Alan Greenspan does not like the Dodd-Frank Bill

Here is his FT Op-Ed, sure to draw fury from those who think he no longer has much cache as an expert on financial reform.  (Addendum: Henry comments.)  Here are the most interesting excerpt:

During the postwar years, the degree of financial complexity has appeared to grow with the rising division of labour, globalisation, and the level of technology. One measure of that complexity, the share of gross domestic product devoted to finance and insurance, has increased dramatically. In America for example, it rose from 2.4 per cent in 1947 to 7.4 per cent in 2008, and to a still larger 7.9 per cent during the severe contraction of 2009.

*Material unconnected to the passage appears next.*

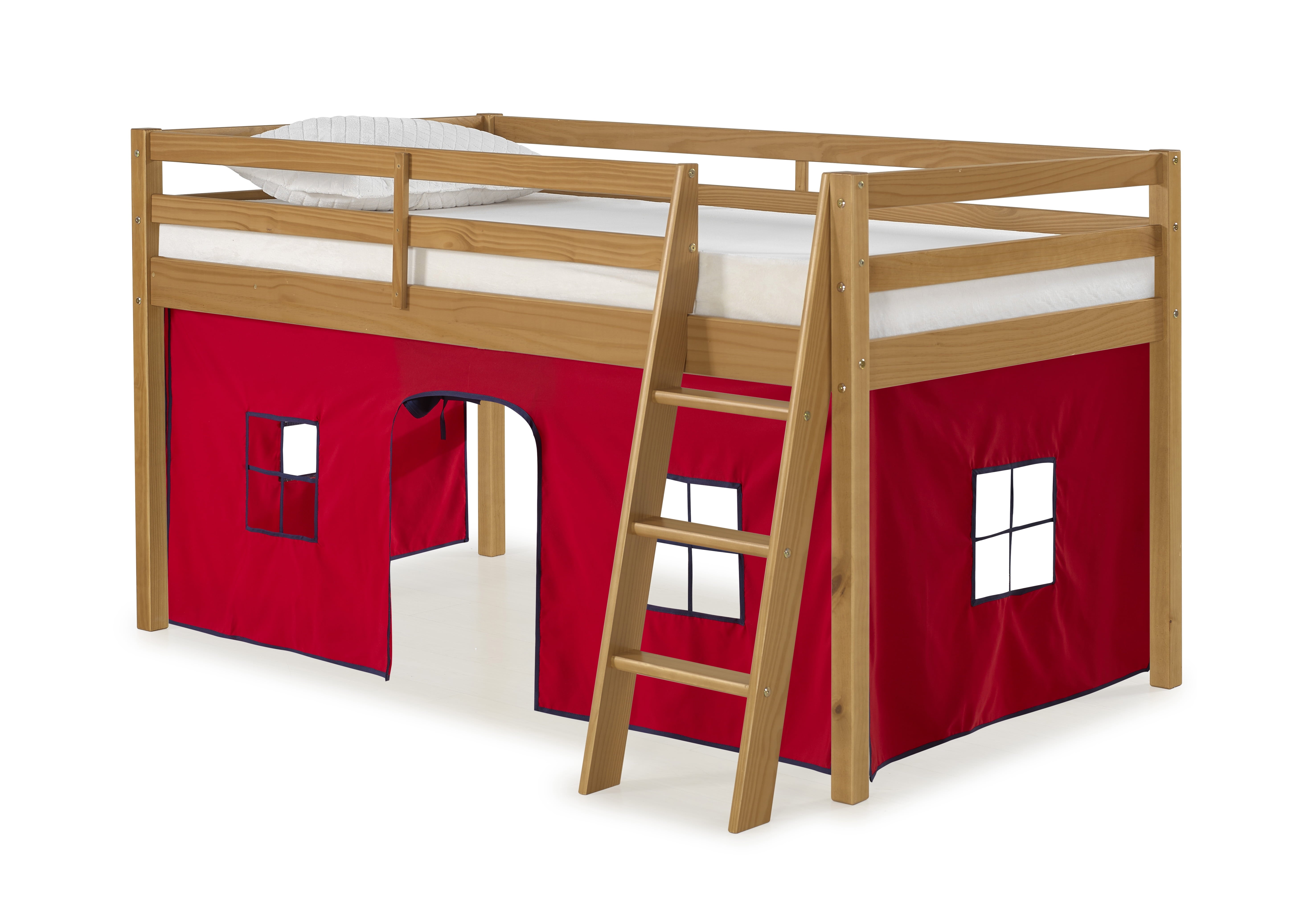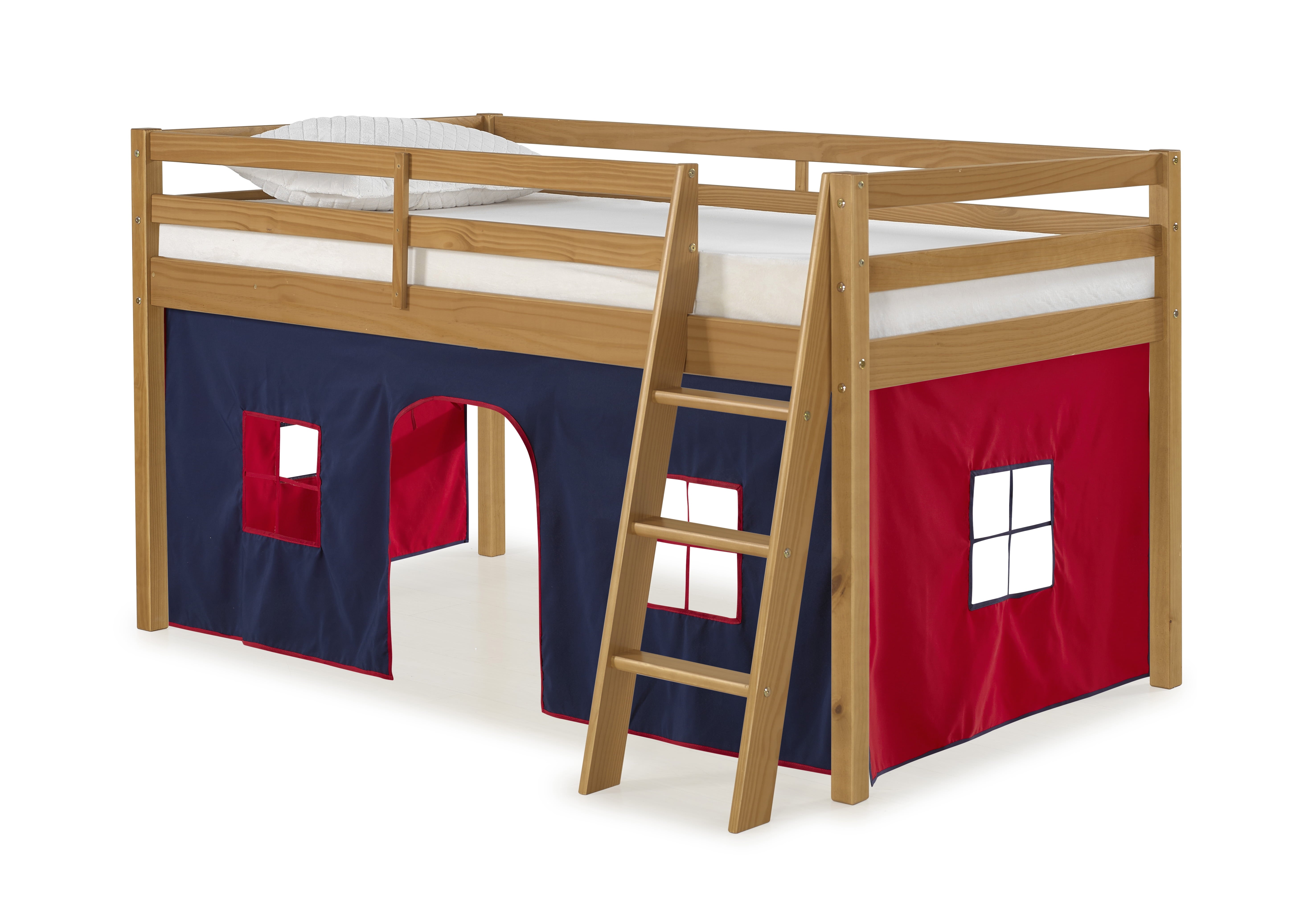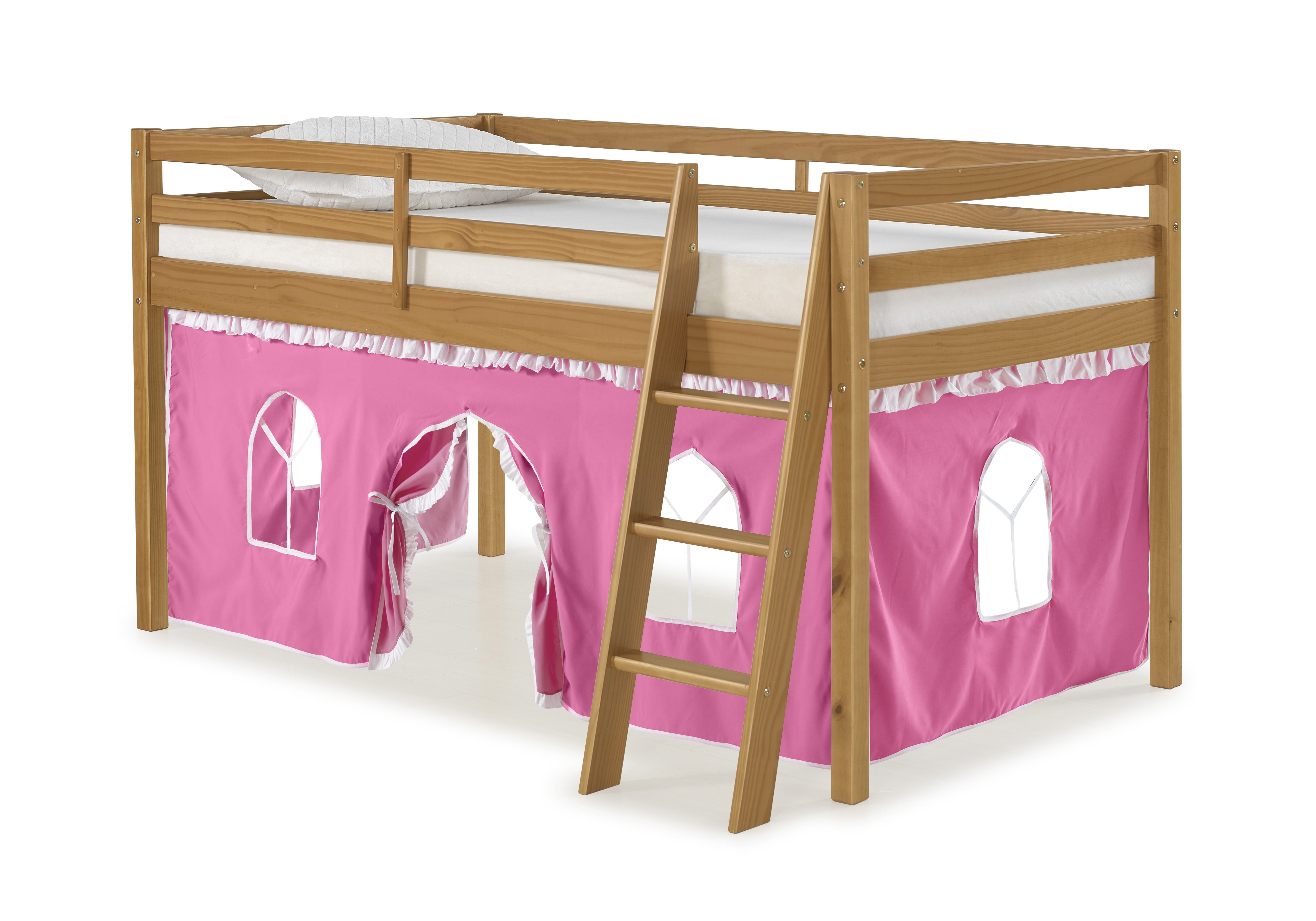 Roxy Junior Loft with Playhouse Tent gives your child a fun place to play, sleep and dream. The under-bed playhouse area is a great spot to curl up and read a book, set up a house, be the queen of their castle, or be the superhero that saves the day. Pine construction with 100% polyester fabric tent. Mattresses can be put directly on the included slats or be used with a bunky board. This is a junior loft bed for one twin mattress. Top of guardrail / bed ends must be 5″ above the top of the mattress. On this bed the combined thickness of mattress and foundation (if a Bunkie board is used, not needed) can not exceed 8″.

Increased financial shares are evident in the UK, the Netherlands, Japan, Korea, and Australia, among others. Even China has joined, its share rising from 1.6 per cent in 1981 to 5.2 per cent in 2009. Deregulation, especially in America during the 1980s, clearly accounts for part, but certainly not all, of the share rise.

“among others” is not especially satisfying — is it a general trend or not?  Here is a useful chart, showing the evolution of finance as a share of gdp in the United States (and many slides here).  It runs straight up from 1940 or so onwards.  That said, I am not sure this is grounds for optimism.  The share is very high in 1929, and does not re-achieve that height until the mid-1980s (an eyeball estimate).  Does the graph show a pattern of natural growth?  Or is excess finance like a tumor which must be periodically excised and can remain at lower levels, relative to gdp, for decades, with no apparent harm?